• **What you need to do**:
Pictures must not appear; the answer is exactly the lines from the one that holds "スーパーマーケットは、私たち" through the end of the material.

** Data for review follows **

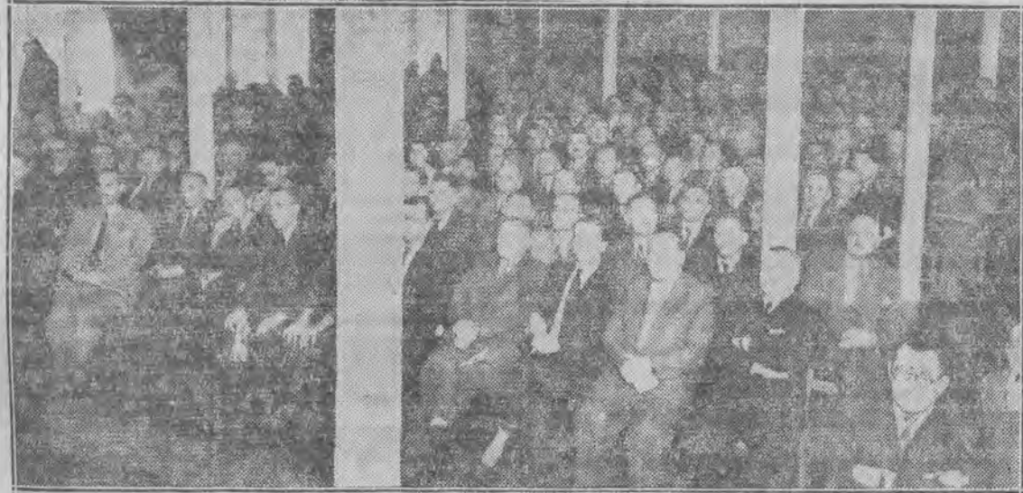
Zjazd rzemiosła woj. łódzkiego.
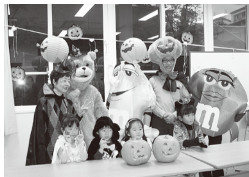
楽しかったハロウィンパーティ。英語クイズ・英語ビンゴに盛り上がりました。
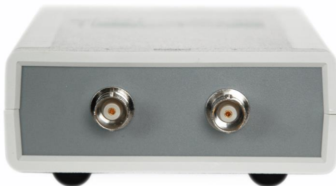
Рисунок 9.1 Общий вид ZET 302 со стороны передней панели. Входные каналы осциллографа.
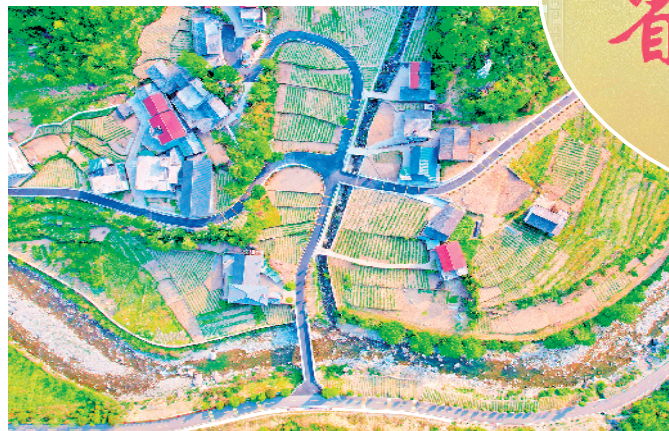
石门镇大河村乡村旅游路。

一条条通往大山深处、景区景点、产业园区、群众家门的“四好农村路”,串点为线、连线成网,为全县12个镇136个村(社区)的乡村振兴带来勃勃生机,实现了岚皋人民“出门水泥路、抬脚上客车”的生活梦想,为实现全县群众生活幸福、产业兴旺、乡村全面振兴提供了有力保障。
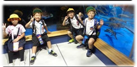
1・2年生が、「のとじま水族館」に行ってきました。海の生き物と触れ合って大満足です。
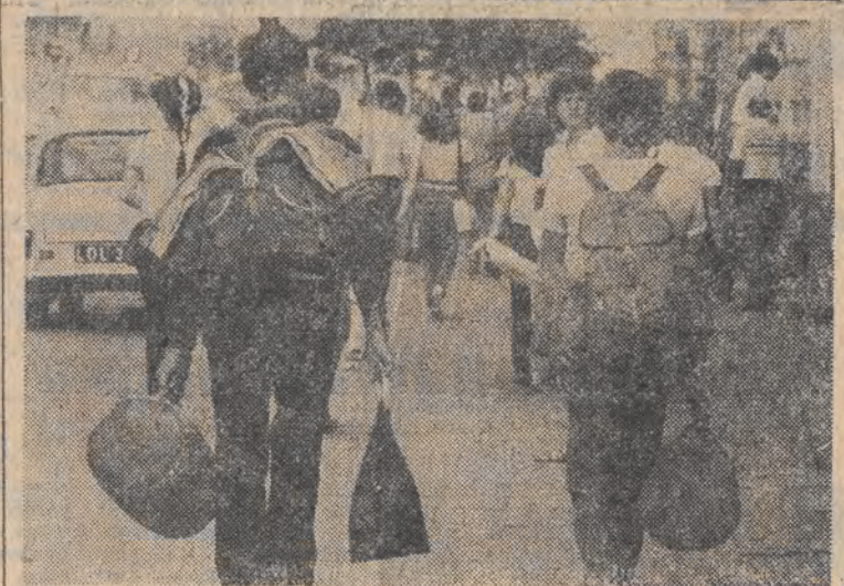
Na wakacje najtaniej z plecakiem, spiworem i... siatką na zakupy.
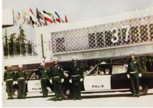
Görsel 13: Trafik Polisleri, 1960’lı Yıllar

teçhizat kemerlerine kadar taşımıştır. Beyaz; diğer insanlardan ayırt eden bir renktir (Akkın vd., 2004, s. 277). Bu bilgi ışığında hareketle trafik polislerinin diğer polislerden üniformanın belli kısımlarındaki beyaz renkten ayrıldığı söylenebilmektedir. Bir başka ifadeyle trafik polisleri diğer polislerden beyaz renkle ayrılmaktadırlar. Yine Görsel 14’te görülen trafik ışık lambalarının henüz kullanılmadığı zamanlarda zıvana tabiri kullanılan koruyucu havuz içinde kavşaklarda trafik akımını yönlendiren kadın polisinin beyaz renkli şapka ve kemeri ile diğer polislerden ayrılarak trafikçi polis görevi icra ettiği söylenebilmektedir.
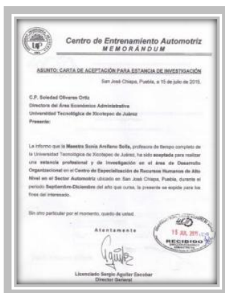
“Estancia de Investigación en Audi”
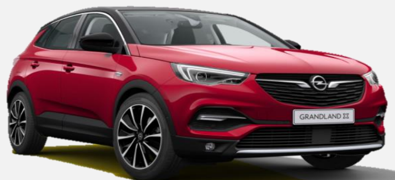
Dark Ruby Red GDU 7 900kr
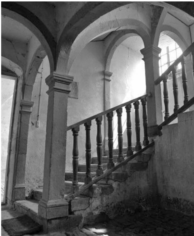
Escalier intérieur : première volée.
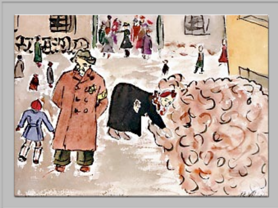
“Rovistare nell'immondizia” 1942
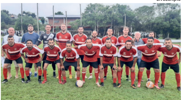
União da Germano venceu o Atlético Gaúcho por 1 a 0
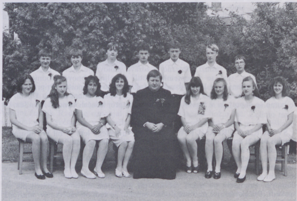
Izpoved vere pri Sv. Juriju v Prekmurju
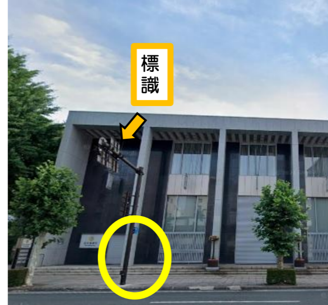
北日本銀行本店前付近

7時50分のみ停車します。 静眠堂医院はこの建物の2階部分で、1階は 「ギャラリー 夢林」となっています。その前の 路上変圧器付近でお持ちください。
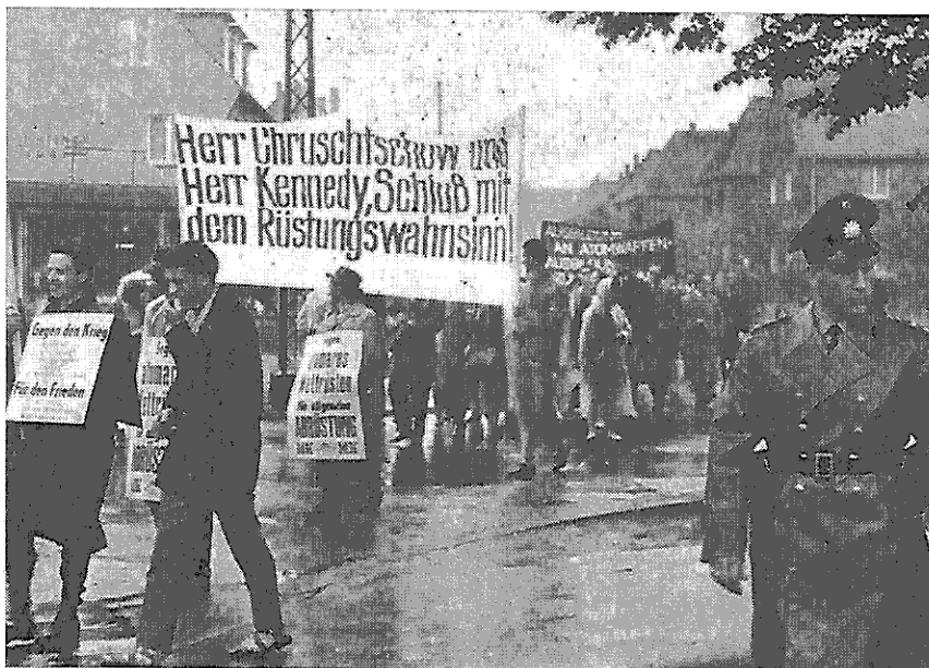
Die Idk führte in Datteln eine Protestkundgebung durch, in der sie sich gegen den Bau einer Raketenbasis in unmittelbarer Nähe der Stadt wandte. Tausende von Einwohnern Dattelns beteiligten sich an dem anschließenden Protestmarsch.

Wir alle hoffen, daß wir genug Zeit haben, eine atomare Vernichtung zu verhindern. Wir, hier in den Vereinigten Staaten und in der ganzen Welt, führen einen schweren Kampf um eine Alternative zum gegenwärtigen kalten Krieg zwischen Ost und West zu bewirken und den neuen Staaten in Afrika und Asien wirkliche Freiheit und Demokratie zu gewähren und aufzuzeigen, daß die Menschen in aller Welt wirkliche Demokratie und wirtschaftliche Zusammenarbeit wollen und sich mit leeren ideologischen Phrasen nicht abspeisen lassen. Dies betrachten wir als Sinn unserer Arbeit.
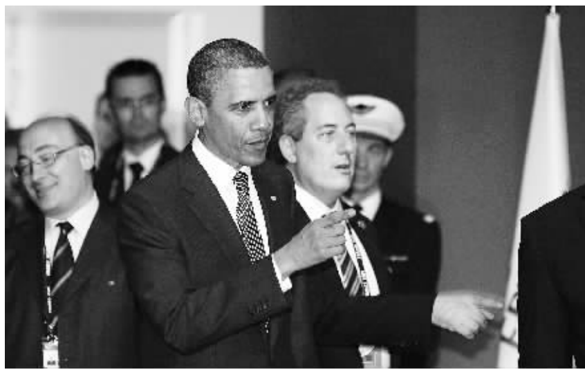
5月26日,美国总统奥巴马出席在法国西北部海滨城市多维尔举行的八国集团峰会。
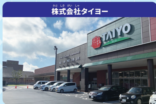
株式会社タイヨー

スーパーマーケットは、私たちの暮らしに欠かせない食料品を主に提供する場所です。そのほか、家庭用雑貨、ペットフードなどもならび、お客様が売り場で自由に商品をえらび集めるセルフサービスの方式で、大量に販売する大きぼ小売店です。
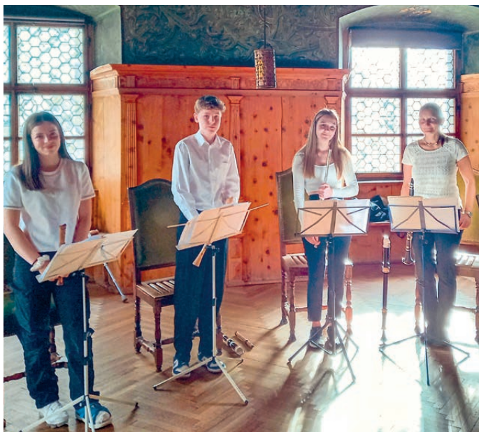
Im vergangenen Jahr trat die Gruppe „Holzbläser kreativ“ im Rathaus auf.
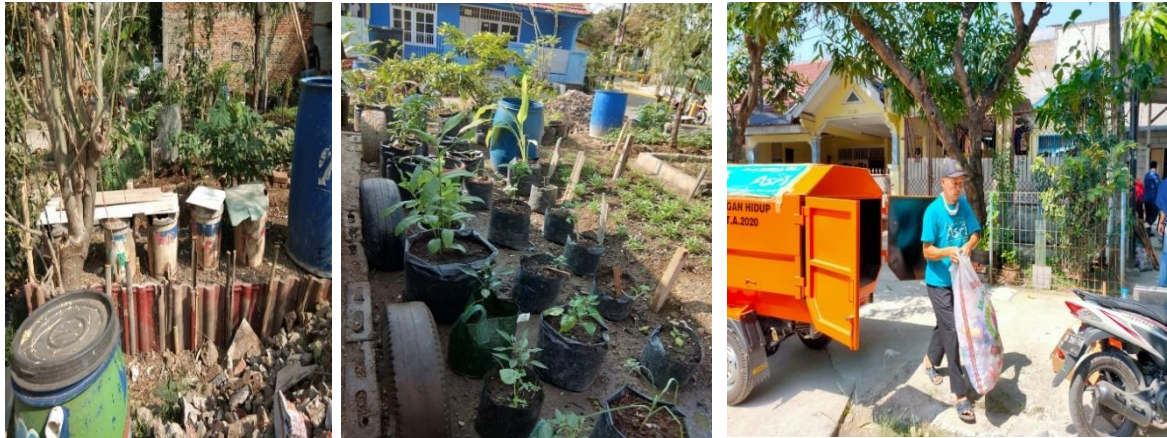
Gambar 2. Potret Kegiatan PkM

Kegiatan Pengabdian Kepada Masyarakat, tahapan yang dilalui sebagai berikut :
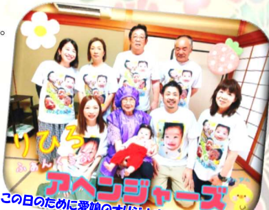
この日のために愛娘のオリジナルTシャツを作りました!

娘のお食い初めは卒寿を迎えた祖母にお願いしました。祖母に抱っこしてもらい赤飯を娘の口にちょんちょん(笑)これで一生食べる物に困ることはないでしょう! これからも健康で元気にすくすく育てほしいと強く願うパパなのでした。
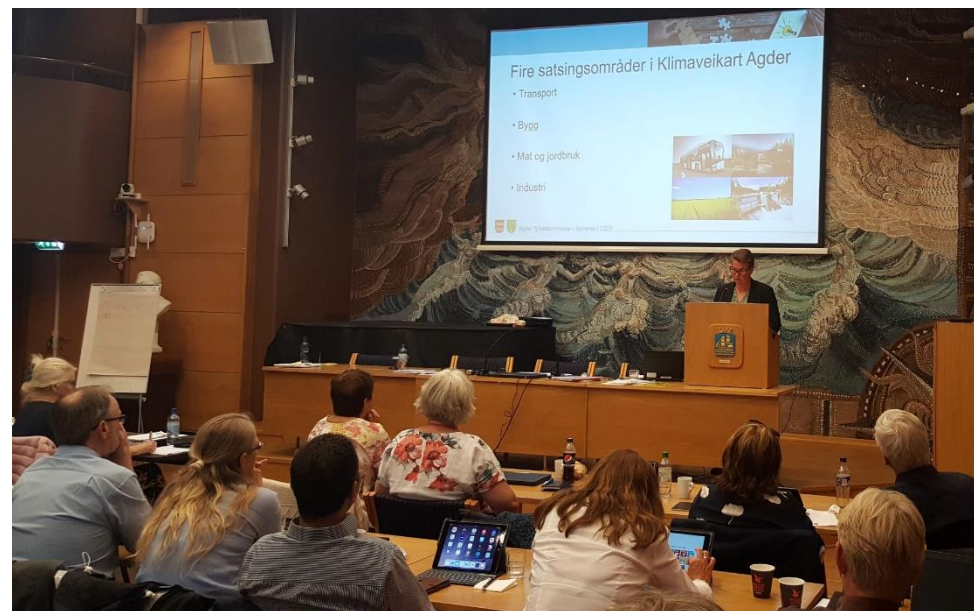
Klimaveikart Agder presenteres for bystyret i Grimstad

** End of Data for review **

• **Solution for this exercise**:
スーパーマーケットは、私たちの暮らしに欠かせない食料品を主に提供する場所です。そのほか、家庭用雑貨、ペットフードなどもならび、お客様が売り場で自由に商品をえらび集めるセルフサービスの方式で、大量に販売する大きぼ小売店です。
Im vergangenen Jahr trat die Gruppe „Holzbläser kreativ“ im Rathaus auf.
Gambar 2. Potret Kegiatan PkM

Kegiatan Pengabdian Kepada Masyarakat, tahapan yang dilalui sebagai berikut :
この日のために愛娘のオリジナルTシャツを作りました!

娘のお食い初めは卒寿を迎えた祖母にお願いしました。祖母に抱っこしてもらい赤飯を娘の口にちょんちょん(笑)これで一生食べる物に困ることはないでしょう! これからも健康で元気にすくすく育てほしいと強く願うパパなのでした。
Klimaveikart Agder presenteres for bystyret i Grimstad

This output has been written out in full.